After Carol’s death, my dad began a true crime memoir about her murderer. In his writing, my father is a distant narrator; detailed catalogs of Steve’s skillful manipulation of the legal system, the media, his family, friends, and neighbors. His relationship to my father isn’t mentioned. This is true at least for the drafts I was allowed to read.
The true crime author’s authority comes from their closeness to the story. But if the writer neglects to maintain a strategic tension—allows slippage between what is real and what is embellishment, or confuses sordid details with truly sickening ones— they risk losing their reader. The writer is revealed to be a fabulist, or worse, a leech; simultaneously self-serving and -pitying. When the author becomes too close to the story, their credibility is threatened and they become a character themselves.
I was eleven when Carol was killed and seventeen when Steve was sentenced to life for the crime. I went to middle school and high school, and my dad stopped writing his book. A notable true crime author wrote a brick-sized paperback about Carol’s murder; my dad is quoted on the last page. My parents got divorced, and my dad moved back to the town where I was born, the town where Carol died. Like hers, his house is in a peripheral cul-de-sac that meanders into the scrub oak and granite dells, a landscape of eroded pink stone fractured by new construction. The town is bigger than it was when we moved away.

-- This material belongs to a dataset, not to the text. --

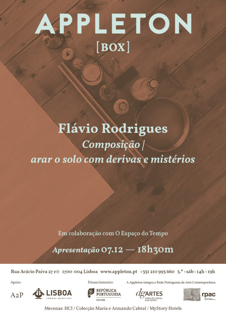 All our gestures get somewhere, all our actions have consequences. The paths we trace define trajectories that are sometimes unpredictable when thought of a priori. But, there is also the place of the unknown in everything we do. Art rests here. The performance piece Composition I Plowing the Soil with Drifts and Mysteries, reconstructs for us a piece of a nomadic history made by collecting remains. What remains of abandonment, interruption, degradation. What remains of resisting time and the erosion it carries. Flávio Rodrigues walks and collects what he comes across and what remains of those places of abandonment and wear and tear. The ground that is walked on therefore becomes a fertile path for new lives to occur. The object found raises suspicions of a new life to come.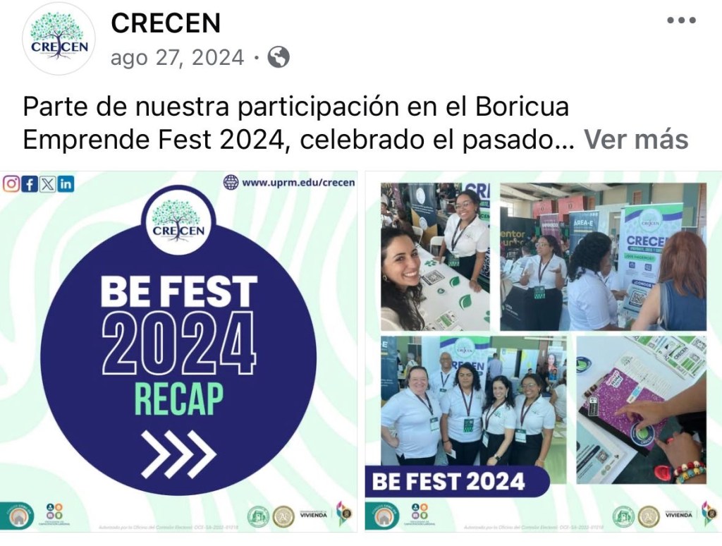 Participated in Boricua Emprende Fest (BE Fest) 2024, held on August 23 in Ponce, engaging with attendees at our informational booth and contributing to outreach efforts that promoted our initiatives at my program, CRECEN, and strengthened community connections.

When I visit my hometown, my dad and I still hike in the dells but rarely pull the surveyors’ tape, it’s a fool’s errand– the houses will go up regardless. One late afternoon, halfway up Granite Mountain, my dad pauses in the shade to consider the sheer, patinated cliff face above us. He and Steve used to rappel there, crack climbing up and then lowering each other back down over and over until backing off the precipice was second nature, until the trust was absolute. He points to a jumble of house-size boulders at the base. Steve could easily have clambered to some anonymous crevice and secreted his bloodied clothes away.
I peel off my shoes and socks and swish my feet in the shallows of a dammed reservoir outside of town. I can feel the ominous sucking current of the dam’s spillways. A year after the murder, the city dredged this lake for the missing golf club and found nothing. My dad and I climb to a fire look-out on top of nearby Mingus Mountain. Directly below us, nestled in the ponderosa, a nameless pond shines like a silver dollar. My dad thinks it is more likely Steve disposed of the weapon there.